Begin again
There comes a time where you are forced to choose how you want to deal with the uncertainty that arises. An inevitable force of nature, where even if one attempts to control everything that can be thought of to avert this fearful feature of being human, there is no way to truly exist peacefully without experiencing feelings you don’t plan for.
That’s the thing, I didn’t plan on playing through repetitive concussions as a competitive athlete, having panic attacks to the point of desperation for it all to stop, being forced to leave the dorms and my classes until further notice, and ultimately ending up with a first of many inpatient psychiatric hospitalizations, never to step on the soccer field again. It is something I'm still working on, still working through, but I can't deny how far I've come already. To have the opportunity to still be here, fighting for the life I know I deserve, is something that keeps me going, knowing that others were not given another chance to defeat a predetermined force.
There’s a reason I started creating in the first place, and it was far from anything like this. I created to stay alive. When I didn't know how else to communicate how much I was suffering and didn't have sports as an outlet, I turned to pen and paper to make sense of it all.

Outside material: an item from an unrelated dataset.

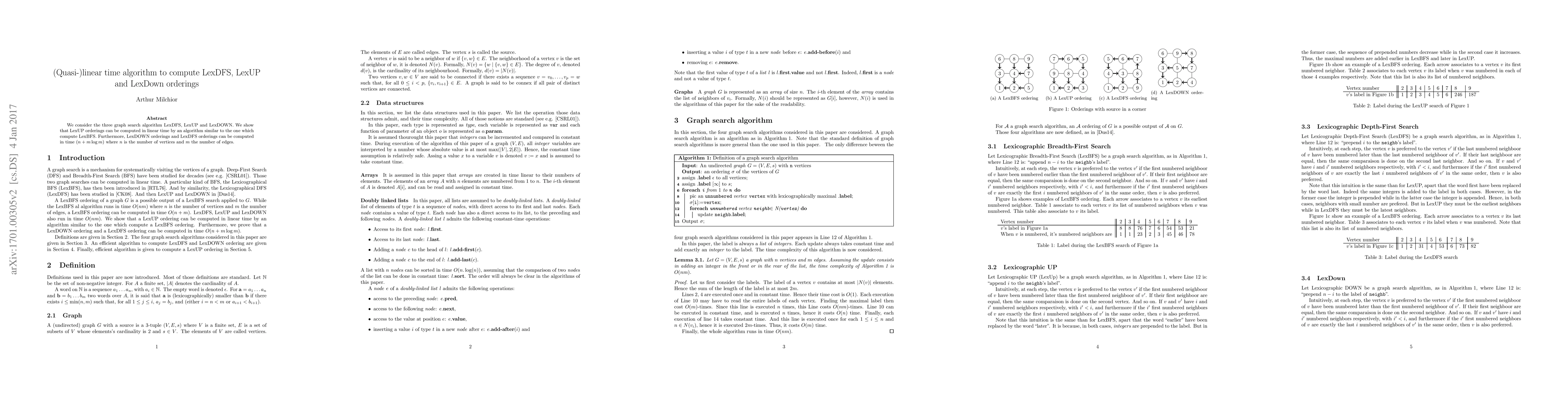 Summary: This paper presents efficient algorithms for computing LexDFS, LexUP, and LexDOWN orderings in linear time for LexUP and quasi-linear time for LexDFS and LexDOWN, using techniques similar to those used in LexBFS.

It started with one notebook from a college teammate, one "good morning" and eventually "I'm proud of you", and unintentionally becoming a consistent refuge throughout all stages of this journey that continues.
Something I'm learning is that starting again doesn’t have to begin at any certain point besides a moment at a time. You don’t have to go all the way back investigating and analyzing moments and details in order to go forward either. There is a time and place for working to understand how you’ve gotten to where you are today, but with a balance too of letting go of what doesn’t serve you.
I’m still working through the fact that I’ve spent majority of my adult life repeating the same cycles, in and out of various levels of treatment, both medically and psychiatrically, all in an effort to manage the consequences of decisions made and the constantly changing diagnosis that would follow. There were so many labels, and evaluations, and opinions, and treatment plans, that for a while, the confusion of trying to establish “what is wrong with me” became my main objective in being able to have the ultimate label presented: recovered. Does everything always need to make sense?
Things really are different now. No, I don’t always make the right choice. I mean “right” based on the fact of whether or not the decision was made by my authentic self, one that usually supports growth, self-care, compassion, connection, and recovery. At this point, I’ve made a deal with myself: it’s no longer a mission of achieving a life that thrives off busyness, constant social interaction, productivity, and high stress/fast-paced work conditions. While maybe that’s who I strived to be, and still have the potential to make that lifestyle a reality today, if I really work towards it, deep down I know that’s not what I want anymore.
The mission instead, that is non-negotiable, is to live a life full of presence. Of being open to receive the gifts of the now, regardless of the noise that wavers in intensity throughout everyday happenings. Through art, I have found something much bigger than me. There's something special about the limitless potential of creating that I am determined to share with others.
My story, is complicated just as I’m sure yours is. And the thing is, it's even more complicated than just deciding to overcome what's been taunting me for the majority of my adult life. No matter how much logic, awareness, and determination was put forth to infiltrate the decision making process, I was often left defeated when I made choices that I consciously know don't align with my values and my mission. After a while, I started left feeling like a fraud, and it felt like creating had lost its magic and there was no point. Life had lost its magic. What was the point of publishing the website, if I lost the connection to what the mission is? The mission might look different as time goes by and continues to go by, but ultimately I create to survive. And I will to continue to share my story for as long as breath is in my body, hoping others can discover or rediscover the tremendous power of healing that resides in creativity. This is just the beginning.